Deploy Linux Container

A container is a standard unit of software that packages up code and all its dependencies so the application runs quickly and reliably from one computing environment to another. Docker is the chosen container platform to produce container images for Aperture Data Studio. Docker container images are available for both Linux and Windows-based applications. Containerized software will always run the same, regardless of the infrastructure.

Terminology

  • Container image is an unchangeable, static file that includes executable code so it can run an isolated process on information technology (IT) infrastructure. The image is comprised of system libraries, system tools and other platforms settings a software program needs to run on a containerization platform.
  • Volume is the mechanism used by Docker to persist the generated data into the host machine.
  • Port is a communication endpoint. Each container can have applications running on ports. If you want to access the application in the container via a port number, you need to map the port number of the container to the port number of the host machine.
  • Docker Compose is a tool for defining and running multi-container Docker applications with one single command.
  • Podman is an alternative container engine (to Docker) that can run Aperture Data Studio containers.
  • Pod is a group of containers managed by Podman that shares the same network and works together.

Overview of Data Studio container ecosystem

Diagram of the topology of the Data Studio Container suite in a Linux machine.

The diagram above illustrates the topology of the Data Studio Container suite in a Linux machine.

Service to port mapping

  • Aperture Data Studio: 7701
  • Aperture Data Studio ODBC: 32527
  • Aperture Find Duplicates: 8080
  • Aperture Find Duplicates Workbench: 8090

Electronic Updates (EU) feeds the latest reference data to Data Studio which is used by the Validate addresses step. The user either needs to have a Windows environment to use the Windows client provided or implement their own integration using the REST API.

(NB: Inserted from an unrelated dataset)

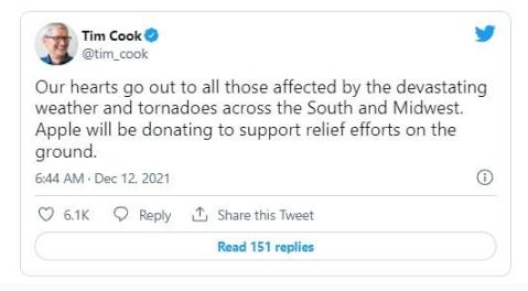 Cook 寫(xiě)道:“我們向所有受到南方和中西部毀滅性天氣和龍卷風(fēng)影響的人表示同情。蘋(píng)果公司將捐款支持當地的救援工作。”

Following are the exposed volumes which can be mounted to the host machine:

  • ADS folder: Data Studio repository, duplicate store, log files, JDBC drivers, cache, datasetdropzone.
  • Addons folder: storage for SDK custom step .jar files.
  • Address data folder: storage for Validate addresses step reference data (e.g. batchData/GBR).
  • License folder: storage for Data Studio licenses (including licenses for Find duplicates and Validate addresses steps).
  • Server.properties file: Aperture Data Studio configuration file.
  • Qaworld.ini file: Defines the location of the reference data files and how the data is mapped to a country.
  • Qawserve.ini file: Defines the address layouts used by each data set.

Prerequisite

Installation

Deploying Data Studio containers into Docker

  1. Set up files and folders

    This step will only need to be run once and can be skipped for subsequent upgrades. You will need to execute setup.sh which will provision all the required volumes in the host machine required for the Data Studio Docker container. The folders and files are

    • /opt/ApertureDataStudio/.experian folder: storage for license files.
    • ApertureDataStudio/addons folder: storage for SDK custom step .jar files.
    • ApertureDataStudio/experianmatch folder: storage for find duplicate store files.
    • AddressValidate folder: storage for Validate addresses step reference data (e.g. batchData/GBR).
    • ApertureDataStudio/Server.properties file: Aperture Data Studio configuration file.
    • AddressValidate/Qaworld.ini file: Defines the location of the reference data files and how the data is mapped to a country.
    • AddressValidate/Qawserve.ini file: Defines the address layouts used by each data set.

    The setup.sh also will create the Experian user and assign to the folders above. Experian user is required by Data Studio Docker container for read/write purposes.

    You may modify the location of the volumes in the setup.sh and docker-compose.yml file. For example,

    mkdir -p <new host directory>/addons
    
  2. Load images

    There are 3 images which assemble the whole Data Studio v2 suite: Data Studio, Find Duplicates, and Find Duplicates Workbench. To load these images, you can either perform one of the following steps:

    • Execute load-images.sh from the download package
    • Using docker load command
    sudo docker load -i datastudio-<VERSION>-docker.tar.gz
    sudo docker load -i find-duplicates-<VERSION>-docker.tar.gz
    sudo docker load -i find-duplicates-workbench-<VERSION>-docker.tar.gz
    
  3. Build, start and stop container with docker-compose

    To start the containers, you will need to execute the following command at the folder which contain docker-compose.yml file.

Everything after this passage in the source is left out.